• [SUPPLIED ENTRIES]:
..........

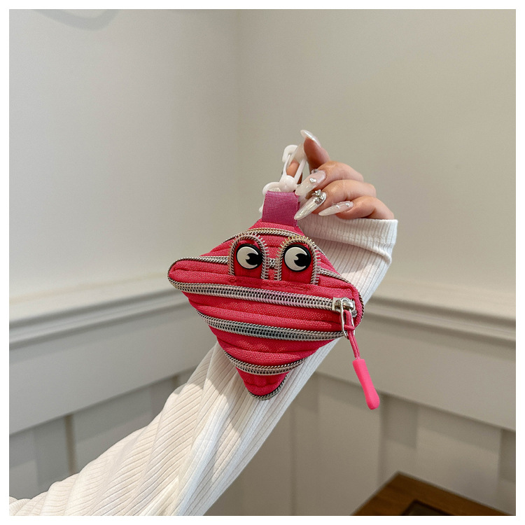 미니 작은 재미 못생긴 귀여운 작은 괴물 지퍼 헤드셋 귀여운 귀여운 변화 창조적 인 키 미니 빨간 가방
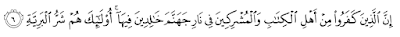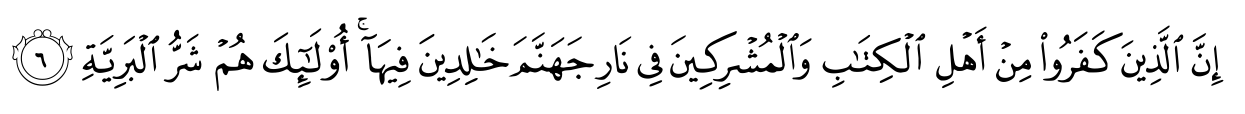 "Sesungguhnya orang-orang kafir yakni ahli Kitab dan orang-orang musyrik (akan masuk) ke neraka Jahanam; mereka kekal di dalamnya. Mereka itu adalah seburuk-buruk makhluk."[6].
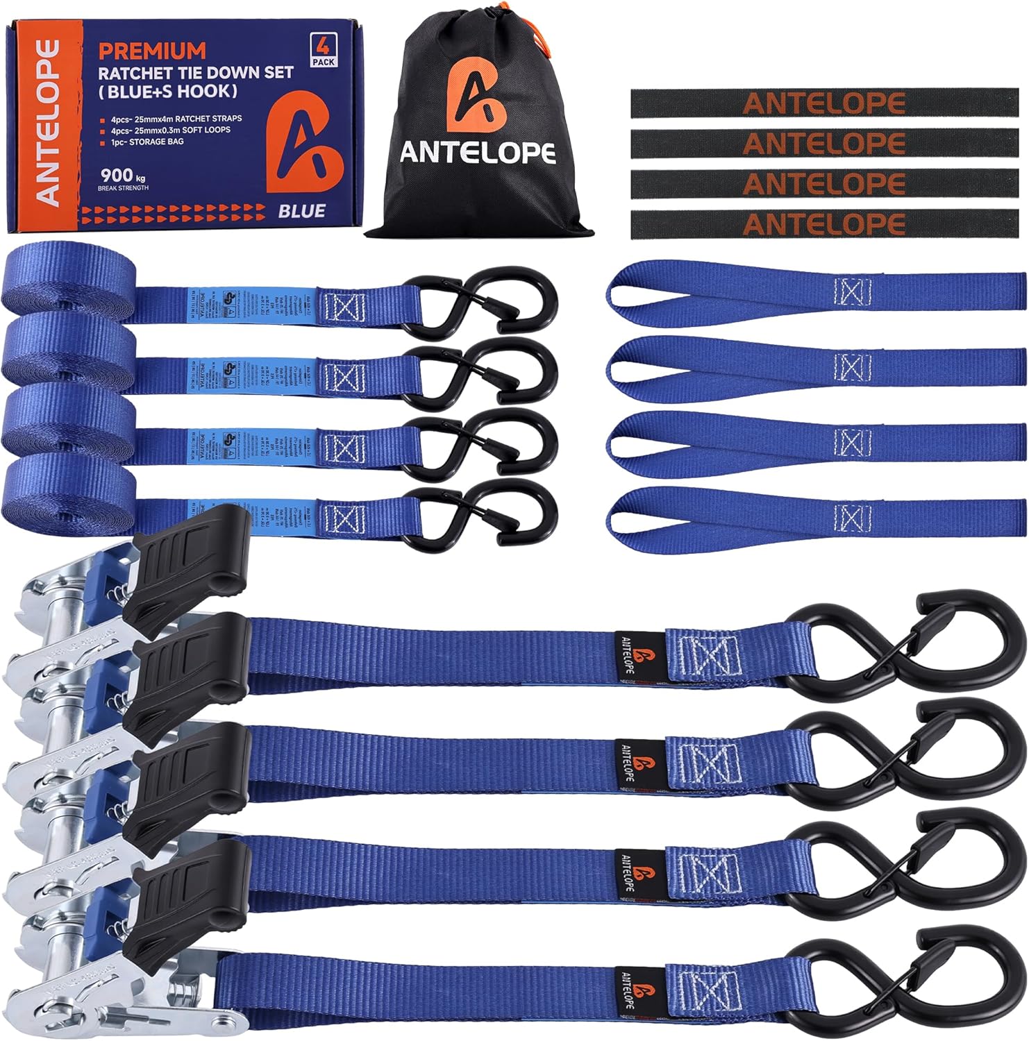 A ANTELOPE Spanngurte mit Ratsche 25 mm x 4 m (4 Stück) – Zurrgurte bis 900 kg Bruchfestigkeit, TÜV/GS
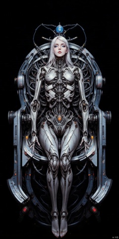 DJXG, in the foreground of the screen, there is a silver female robot sitting on a mechanical seat with her legs crossed.This mechanical seat is highly distinctive, with its overall frame made of high-strength metal. The metal surface has a delicate frosted texture, and under the illumination of light, it emits a faint cold light. The main body of the seat is embedded with a huge reinforced glass, which has extremely high transparency and allows for a clear view of the complex mechanical structure inside the seat from above.The mechanical structure beneath the glass resembles a precision small factory. Various uniquely shaped metal gears interlock with each other, and the large gear drives the small gear to operate in an orderly manner. The edges of the gears have exquisite serrated textures, and each serrated tooth seems to have been carefully polished. The metal rods crisscross, connecting different gears and mechanical components. These metal rods are engraved with fine scales and markings, as if expressing their importance. In the depths of the mechanical structure, there are some tiny pistons that move up and down in a regular manner, emitting a slight "hissing" sound, like the breathing of the entire machine. The armrest of the seat is also composed of metal and glass, and the outer side of the metal armrest has a streamlined design that conforms to ergonomics, providing excellent grip. The inside of the armrest is transparent glass, with blue energy light flashing and flowing inside, like an electric current shuttling through it, providing some mysterious energy support for the entire seat.Her left half showed humanoid physical features. The skin is delicate and smooth, with clear and distinguishable textures and a soft luster. The tiny pores are clearly visible, as delicate as real human skin. The expression on the left side of the face is vivid, the eyes are lively and sparkling, like stars, the eyebrows are naturally curved, the lips are a healthy flesh pink, the hair is soft and hanging on the shoulders, and the strands of hair are full of vitality, swaying slightly when the body is still. The muscle lines of this half of the body are smooth, and even when still, it seems to contain flexibility and vitality that can erupt at any time.Its right half is a futuristic mechanical structure. The cold and hard metal shell covers this half of the body, with a smooth and shiny surface, and the metal plates are tightly stitched together, just like carefully crafted mechanical armor. Mechanical joints are composed of various shapes of small gears, screws, metal rods, etc., with precise and complex structures. The mechanical textures at the joints seem to provide insight into the precise operation inside during movement. The internal circuit pipelines are interwoven and crisscrossed, with light blue light flowing through them, like blood in a mechanical body, providing energy to the right half of the body. The mechanical skeleton is like a sturdy frame of a building, strongly supporting the right half of the body. The right half of the eye is an electronic eye emitting cold light, which is like a blue flame, mysterious and highly technological.She was dressed in exquisite Hanfu, which fitted perfectly to her body, showcasing classical beauty everywhere.Behind her is a pure black background with a highly eye-catching brain computer interface device. This device has a metallic shell with complex patterns and flashing indicator lights. It is connected to the robot's head by many small wires, which resemble silver threads and stand out against a black background. These lines are like bridges for information transmission, connecting the robot's brain with unknown sources of information, implying that she may have super strong data processing abilities or the ability to interact with external consciousness, which makes her appear even more mysterious and unpredictable.The entire image was captured using high-definition photography techniques, with the photographer employing symmetrical composition centered around a female robot to create a symmetrical distribution of foreground and background. The image is balanced and stable, allowing viewers to fully experience the details and unique atmosphere of the picture from all angles.,W4RR10R,MECHANICAL TRANSFORMATION,,MECHANICAL PARTS,
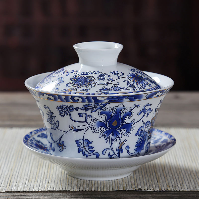 青花瓷盖碗茶杯大号白瓷陶瓷功夫茶具套装三才敬茶碗泡茶壶单个
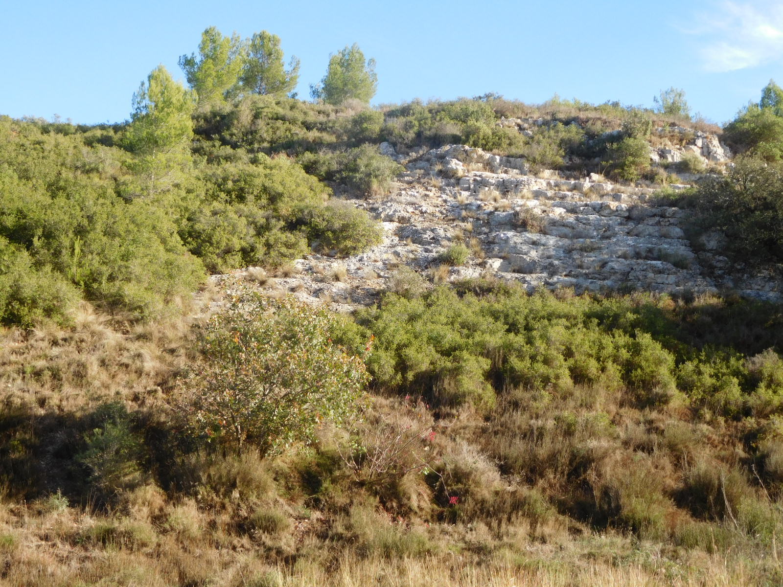 We had not been appreciating the Provence-ness of everything for long when we (Dodie!) realized that things had changed. Quite suddenly, really, we were surrounded by shrubby Mediterranean herbs like rosemary and thyme. Not only that, the vines were gone, the olives were gone, the Cypress was gone. We got off our bikes and walked into the scrub. Aromatic herbs were everywhere, and some plants were sporting thorns.
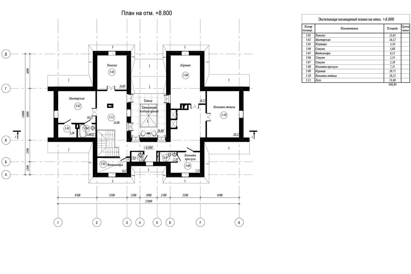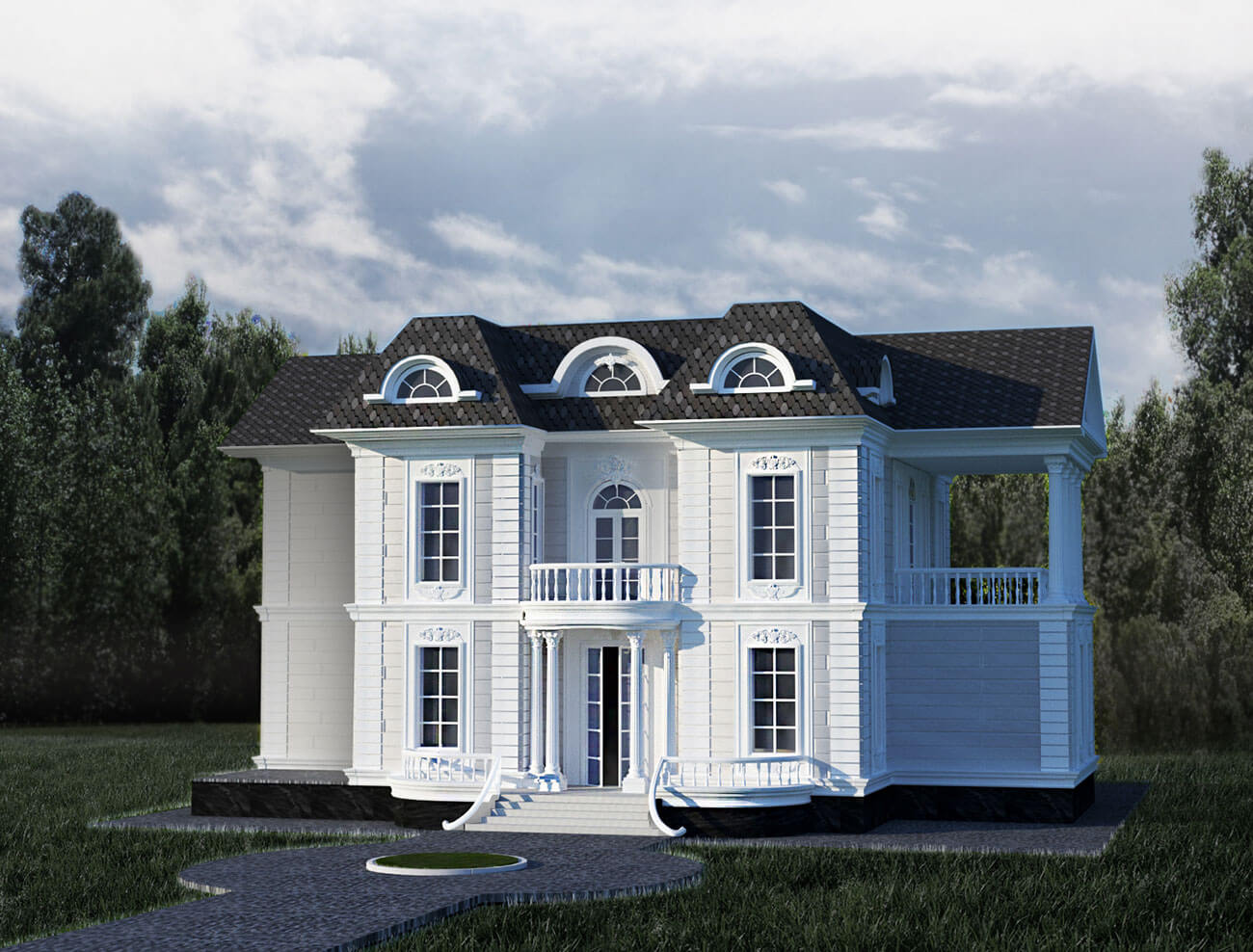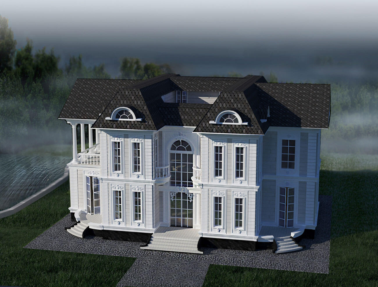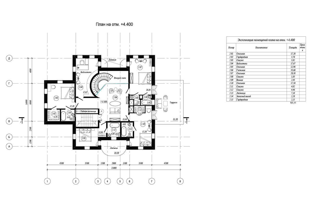 Мансардный этаж — более уединенное пространство. Здесь можно заняться любимым делом. На данном этаже располагаются мини-кинозал, игровая детская комната, комната отдыха, мастерская. Комната прислуги с индивидуальным санузлом (полноценное размещение прислуги предполагается в отдельном строении).
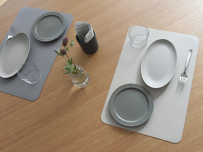 bon momentのランチョンマットは、表面にほんのりシボ感があり、レザーのような雰囲気を持っています。
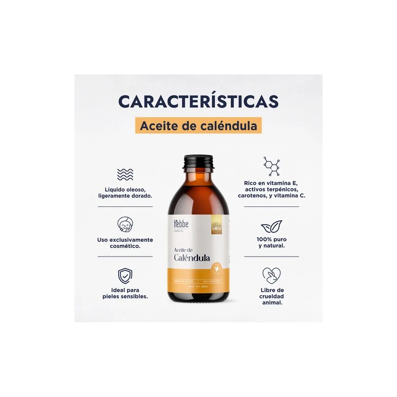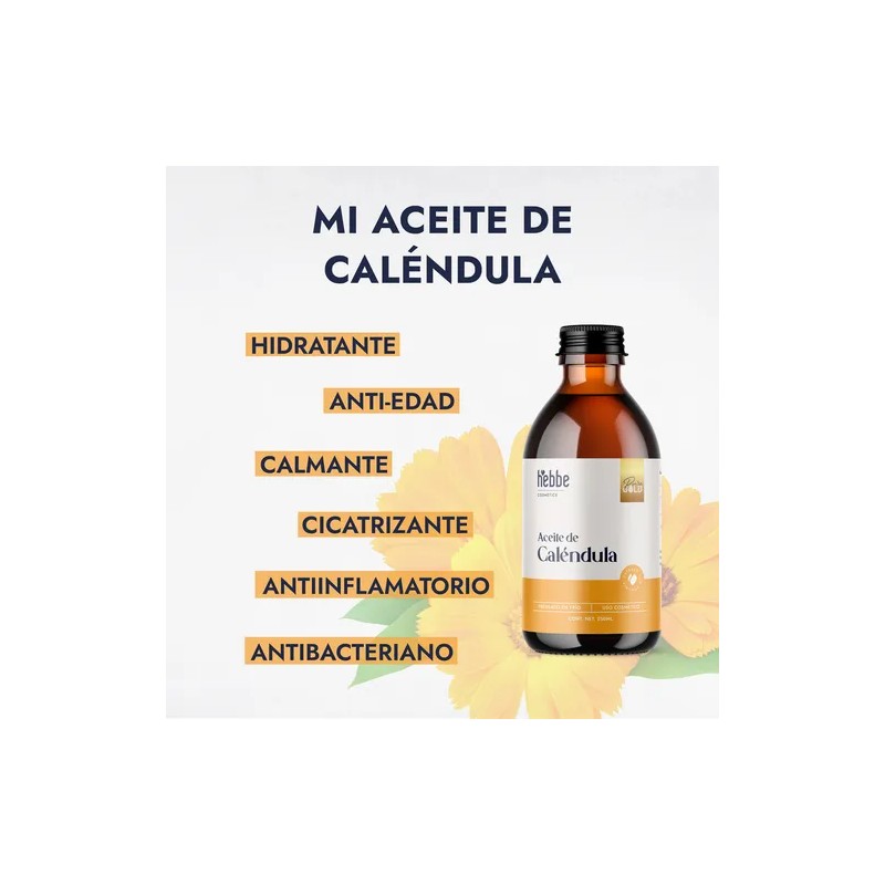 Aceite Calendula Puro Cosmético Piel Reseca Antiacne Tipo de piel Sensible Hebbe 250ml
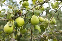 Pyrus communis ‚Alexander Lucas‘ bildet gelb-grüne Früchte.

..........

The whole listing should be transcribed exactly, though its pictures must be left out.

 미니 작은 재미 못생긴 귀여운 작은 괴물 지퍼 헤드셋 귀여운 귀여운 변화 창조적 인 키 미니 빨간 가방
 "Sesungguhnya orang-orang kafir yakni ahli Kitab dan orang-orang musyrik (akan masuk) ke neraka Jahanam; mereka kekal di dalamnya. Mereka itu adalah seburuk-buruk makhluk."[6].
 A ANTELOPE Spanngurte mit Ratsche 25 mm x 4 m (4 Stück) – Zurrgurte bis 900 kg Bruchfestigkeit, TÜV/GS
 DJXG, in the foreground of the screen, there is a silver female robot sitting on a mechanical seat with her legs crossed.This mechanical seat is highly distinctive, with its overall frame made of high-strength metal. The metal surface has a delicate frosted texture, and under the illumination of light, it emits a faint cold light. The main body of the seat is embedded with a huge reinforced glass, which has extremely high transparency and allows for a clear view of the complex mechanical structure inside the seat from above.The mechanical structure beneath the glass resembles a precision small factory. Various uniquely shaped metal gears interlock with each other, and the large gear drives the small gear to operate in an orderly manner. The edges of the gears have exquisite serrated textures, and each serrated tooth seems to have been carefully polished. The metal rods crisscross, connecting different gears and mechanical components. These metal rods are engraved with fine scales and markings, as if expressing their importance. In the depths of the mechanical structure, there are some tiny pistons that move up and down in a regular manner, emitting a slight "hissing" sound, like the breathing of the entire machine. The armrest of the seat is also composed of metal and glass, and the outer side of the metal armrest has a streamlined design that conforms to ergonomics, providing excellent grip. The inside of the armrest is transparent glass, with blue energy light flashing and flowing inside, like an electric current shuttling through it, providing some mysterious energy support for the entire seat.Her left half showed humanoid physical features. The skin is delicate and smooth, with clear and distinguishable textures and a soft luster. The tiny pores are clearly visible, as delicate as real human skin. The expression on the left side of the face is vivid, the eyes are lively and sparkling, like stars, the eyebrows are naturally curved, the lips are a healthy flesh pink, the hair is soft and hanging on the shoulders, and the strands of hair are full of vitality, swaying slightly when the body is still. The muscle lines of this half of the body are smooth, and even when still, it seems to contain flexibility and vitality that can erupt at any time.Its right half is a futuristic mechanical structure. The cold and hard metal shell covers this half of the body, with a smooth and shiny surface, and the metal plates are tightly stitched together, just like carefully crafted mechanical armor. Mechanical joints are composed of various shapes of small gears, screws, metal rods, etc., with precise and complex structures. The mechanical textures at the joints seem to provide insight into the precise operation inside during movement. The internal circuit pipelines are interwoven and crisscrossed, with light blue light flowing through them, like blood in a mechanical body, providing energy to the right half of the body. The mechanical skeleton is like a sturdy frame of a building, strongly supporting the right half of the body. The right half of the eye is an electronic eye emitting cold light, which is like a blue flame, mysterious and highly technological.She was dressed in exquisite Hanfu, which fitted perfectly to her body, showcasing classical beauty everywhere.Behind her is a pure black background with a highly eye-catching brain computer interface device. This device has a metallic shell with complex patterns and flashing indicator lights. It is connected to the robot's head by many small wires, which resemble silver threads and stand out against a black background. These lines are like bridges for information transmission, connecting the robot's brain with unknown sources of information, implying that she may have super strong data processing abilities or the ability to interact with external consciousness, which makes her appear even more mysterious and unpredictable.The entire image was captured using high-definition photography techniques, with the photographer employing symmetrical composition centered around a female robot to create a symmetrical distribution of foreground and background. The image is balanced and stable, allowing viewers to fully experience the details and unique atmosphere of the picture from all angles.,W4RR10R,MECHANICAL TRANSFORMATION,,MECHANICAL PARTS,
 青花瓷盖碗茶杯大号白瓷陶瓷功夫茶具套装三才敬茶碗泡茶壶单个
 We had not been appreciating the Provence-ness of everything for long when we (Dodie!) realized that things had changed. Quite suddenly, really, we were surrounded by shrubby Mediterranean herbs like rosemary and thyme. Not only that, the vines were gone, the olives were gone, the Cypress was gone. We got off our bikes and walked into the scrub. Aromatic herbs were everywhere, and some plants were sporting thorns.
 Мансардный этаж — более уединенное пространство. Здесь можно заняться любимым делом. На данном этаже располагаются мини-кинозал, игровая детская комната, комната отдыха, мастерская. Комната прислуги с индивидуальным санузлом (полноценное размещение прислуги предполагается в отдельном строении).
 bon momentのランチョンマットは、表面にほんのりシボ感があり、レザーのような雰囲気を持っています。
 Aceite Calendula Puro Cosmético Piel Reseca Antiacne Tipo de piel Sensible Hebbe 250ml
 Pyrus communis ‚Alexander Lucas‘ bildet gelb-grüne Früchte.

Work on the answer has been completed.